Out of my way, I’m a motorist!

We have roving gangs of kids on scooters in my apartment complex. Actually, I think a scooter pops out of every mom’s womb between kid and afterbirth in the city of Kent. One of these kids left his prized possession/birthright out last night, and I decided I couldn’t resist the temptation to take it for a spin.

Anyone who happened to look out their window around 10:30 last night would’ve seen me careening around corners and jumping off of speed bumps. Frankly, I don’t care if people think I’m acting like I’m 7 instead of 27, that was ridiculously fun and if it’s still out there when I get home, I’m doing it again.

Now that the weather is cooperating, I plan to actually learn how to use my Heelies so that I may terrorize actual adults in grocery stores as I go whizzing down the aisles.

16 Comments Out of my way, I’m a motorist!

  1. agentdanak May 21, 2009 at 5:04 pm

    they make heelies in adult sizes? oh fuck.

  2. princessgeek May 21, 2009 at 5:10 pm

    SRSLY I didn’t know i could have heelies.

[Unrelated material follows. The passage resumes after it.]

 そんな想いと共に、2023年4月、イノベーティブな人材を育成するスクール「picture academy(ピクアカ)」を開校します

    1. admin May 21, 2009 at 5:15 pm

      We should start a heely gang!

      1. princessgeek May 21, 2009 at 5:19 pm

        Heelies and trenchcoats!

        1. admin May 21, 2009 at 5:23 pm

          I was hoping more for Heelies and glitter lycra (I want to look like an unstoppable MACK truck of a disco ball), but I guess trenchcoats will suffice in inspiring terror.

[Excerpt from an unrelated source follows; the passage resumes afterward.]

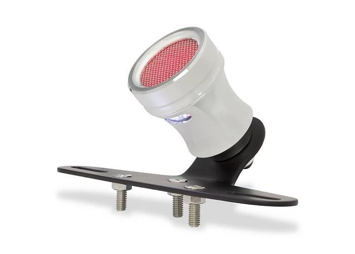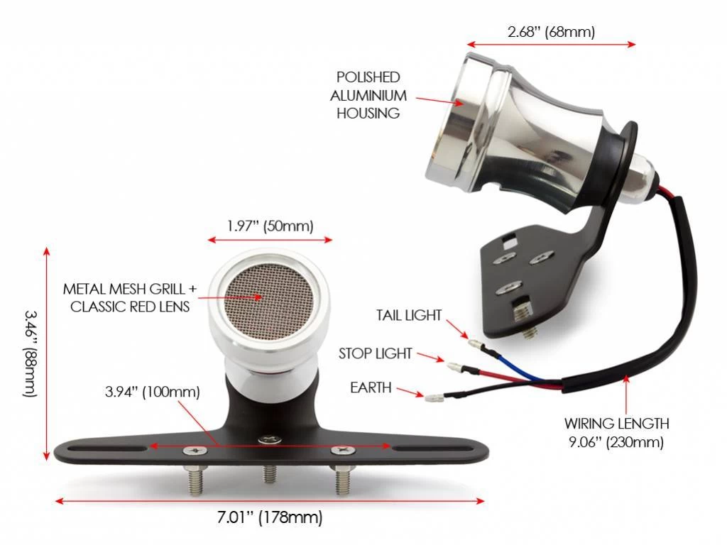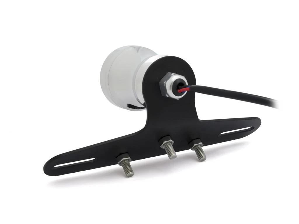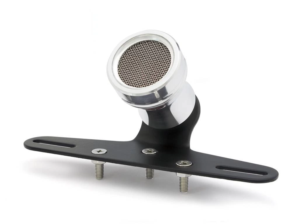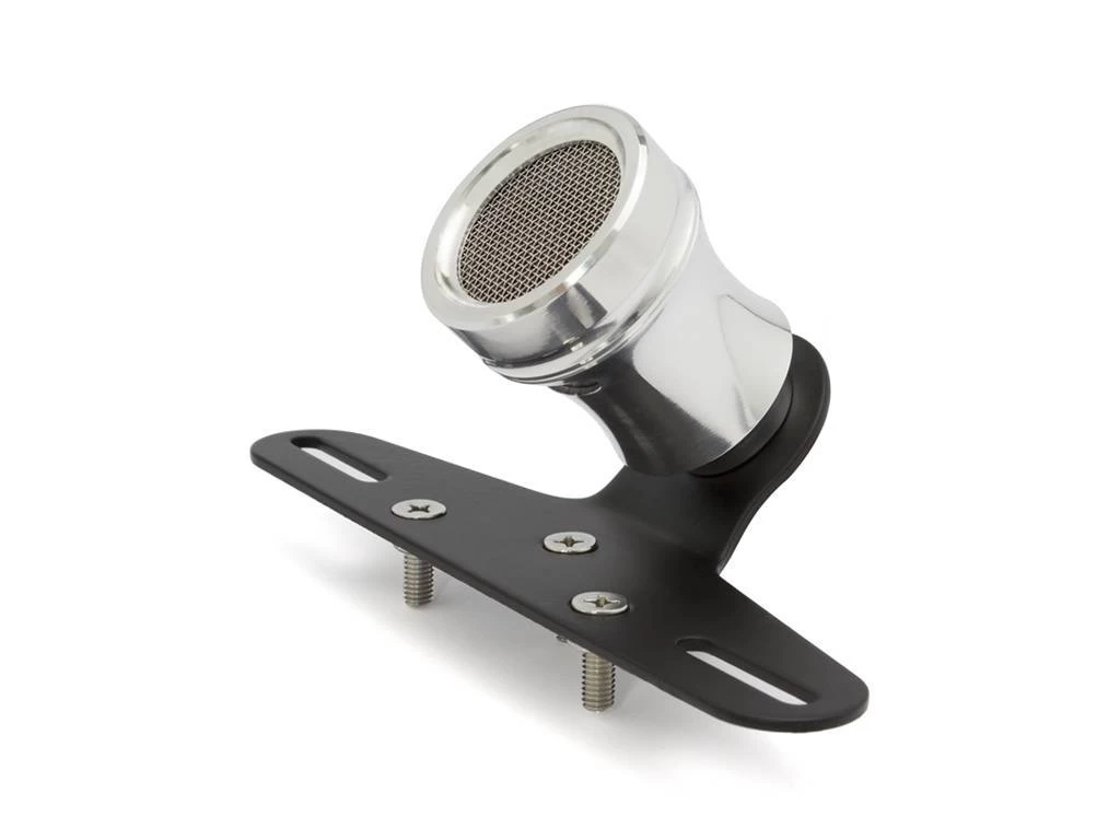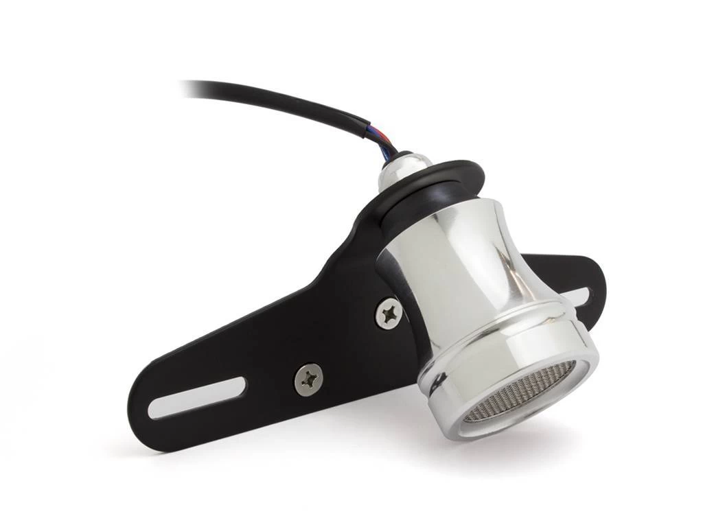 Polished Mesh Cafe taillight with license plate holder and license plate illumination. Robust mesh lamp with brake light. Nice alternative to the popular Atomic taillights.

          1. variax May 21, 2009 at 5:25 pm

            There’s certainly no reason why you couldn’t have a glitter trenchcoat.

          2. admin May 21, 2009 at 5:33 pm

            Do you want to be in our Glitter Heely Gang?

          3. variax May 21, 2009 at 6:30 pm

            Nice. I always wanted to play Glitter Heely Diesel.

          4. princessgeek May 21, 2009 at 8:00 pm

            I bid on a rainbow pair on ebay! Woot!

          5. princessgeek May 21, 2009 at 8:00 pm

            omg this might pair well with my vagina army idea. Vagina army on wheels. yes.

          6. admin May 21, 2009 at 8:07 pm

            Can only people with vaginas be in the Vagina Army On Wheels or can supporters of the vagina join? If it’s only people with vaginas, our first outing might have to be after Rob has his sex change.

          7. variax May 21, 2009 at 8:59 pm

            Would it suffice for me to purchase a Fleshlight™?
            I could put glitter on it.

          8. princessgeek May 21, 2009 at 9:25 pm

            Well I am currently in negotiations to create a vagina dress. I believe if a man wanted to dress as a vagina that would be killer.

          9. shadowstitch May 22, 2009 at 3:59 am

            Don’t they already have those?

            …I think they’re called Roller Derbies.

  3. mschilepepper May 22, 2009 at 11:03 pm

    There’s a scooter at my house you can borrow any ol’ time you want, darling.